ANOVAs are handy, however, are limited by the number of variables the model can handle. I.e. you can only test two variables across groups. Multiple Analysis of Variance (MANOVA) models can handle this problem.
MANOVA
MANOVA is an extension of the ANOVA so it’ll be helpful for you if you’ve familiarized yourself with it. It will also be helpful if you’ve familiarized yourself with matrix maths. Because we’re dealing with a more complex model it’s helpful to use matrices to solve it.
Let’s imagine for each observation e.g. each participant, is modeled as vectors where $$y_{ij} = \mu + \epsilon_{ij}$$ where $$i = 1, 2, … , k;$$ is the variable, $$j = 1, 2, …, n.$$ is the $\mu_i$ is the group mean and $\epsilon_{ij}$ is the error for that variable and observation. As in the ANOVA, the null hypothesis in a MANOVA is still $H0: \mu_1 = \mu_2 = \mu_3$ and the alternate hypothesis is $H0: \mu_1 \neq \mu_2 \neq \mu_3$.
Wilks’ Test Statistic
$$\Lambda = \frac{|E|}{|E + H|}$$
We reject $H_0$ if $\Lambda \underline{<} \Lambda_{\alpha, p, \upsilon H, \upsilon E}$ where p is the number of variables, $\upsilon H$ is the degrees of freedom for the hypothesis, and $\upsilon E$ is the degrees of freedom for error. This is analogous to the F test in the ANOVA. R nicely calculates the analgous F-statistic for us so I’m not going to go into how that’s calculated.
To calculate the between sample variance matrix: ($H$) is $$H = \sum_{i=1}^k\frac{1}{n}y_{i}y\prime_i - \frac{1}{kn}yy\prime$$. To calculate within sample variance matrix ($E$) is $$E = \sum_{ij}y_{ij}y\prime_{ij} - \sum_i \frac{1}{n}y_iy\prime_i$$.
Now we can calculate $\Lambda$ and get the F stastistic.
In R:
#install.packages("car")
library(car)
## Loading required package: carData
data(iris)
man.model = manova(cbind(Sepal.Length, Sepal.Width, Petal.Length) ~ Species, data = iris)

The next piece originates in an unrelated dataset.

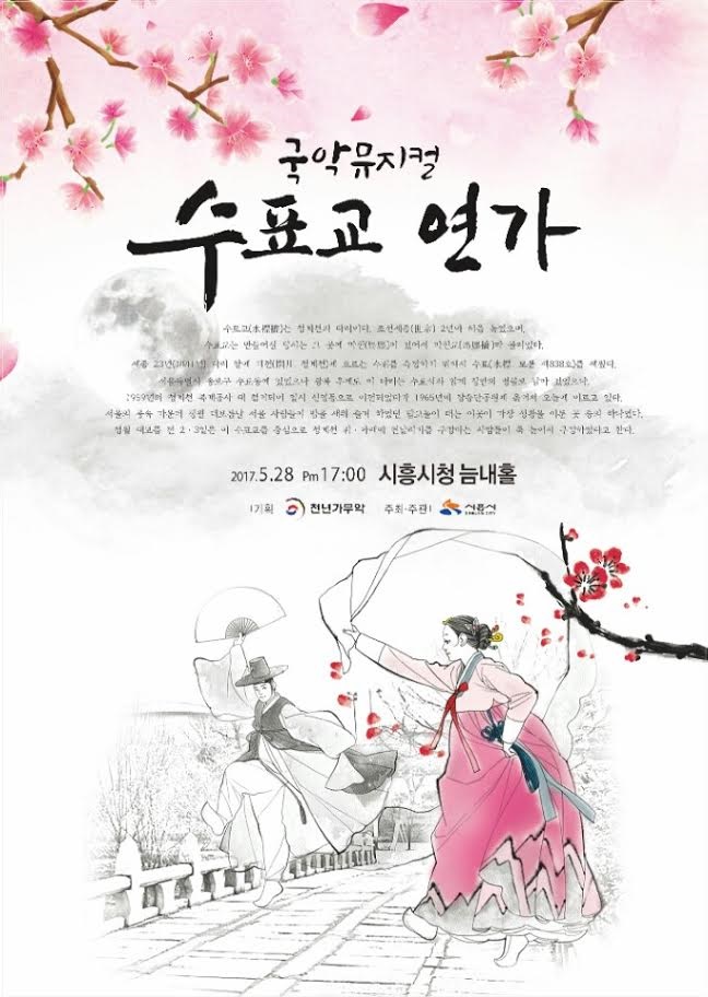창작국악뮤지컬 ‘수표교연가’가 경기 시흥시청 늠내홀 무대에 오른다.시흥시는 오는 28일 전문가들로부터 극찬을 받은 창작국악뮤지컬 ‘수표교연가’를 시흥시청 늠내홀에서 공연한다고 21일 밝혔다.

res.man=summary(manova(cbind(Sepal.Length, Sepal.Width, Petal.Length) ~ Species, data = iris), test = "Wilks")
res.man
## Df Wilks approx F num Df den Df Pr(>F)
## Species 2 0.031546 223.8 6 290 < 2.2e-16 ***
## Residuals 147
## ---
## Signif. codes: 0 '***' 0.001 '**' 0.01 '*' 0.05 '.' 0.1 ' ' 1
Great we rejected the null for the overall model, what about each variable? To this we have to do post-hoc testing to compare each variable within each group. This is the same as what we did in the ANOVA. I’ll use Tukey’s HSD for the post-hocs.
In R:
#devtools::install_github("easystats/report")
#install.packages("ggplot2)
#install.packages("dplyr")
library(report)
library(ggplot2)
library(dplyr)
##
## Attaching package: 'dplyr'
## The following object is masked from 'package:car':
##
## recode
## The following object is masked from 'package:kableExtra':
##
## group_rows
## The following objects are masked from 'package:stats':
##
## filter, lag
## The following objects are masked from 'package:base':
##
## intersect, setdiff, setequal, union
Contrasts
1. Sepal Length Here, we’ll test differences in sepal length between the three species.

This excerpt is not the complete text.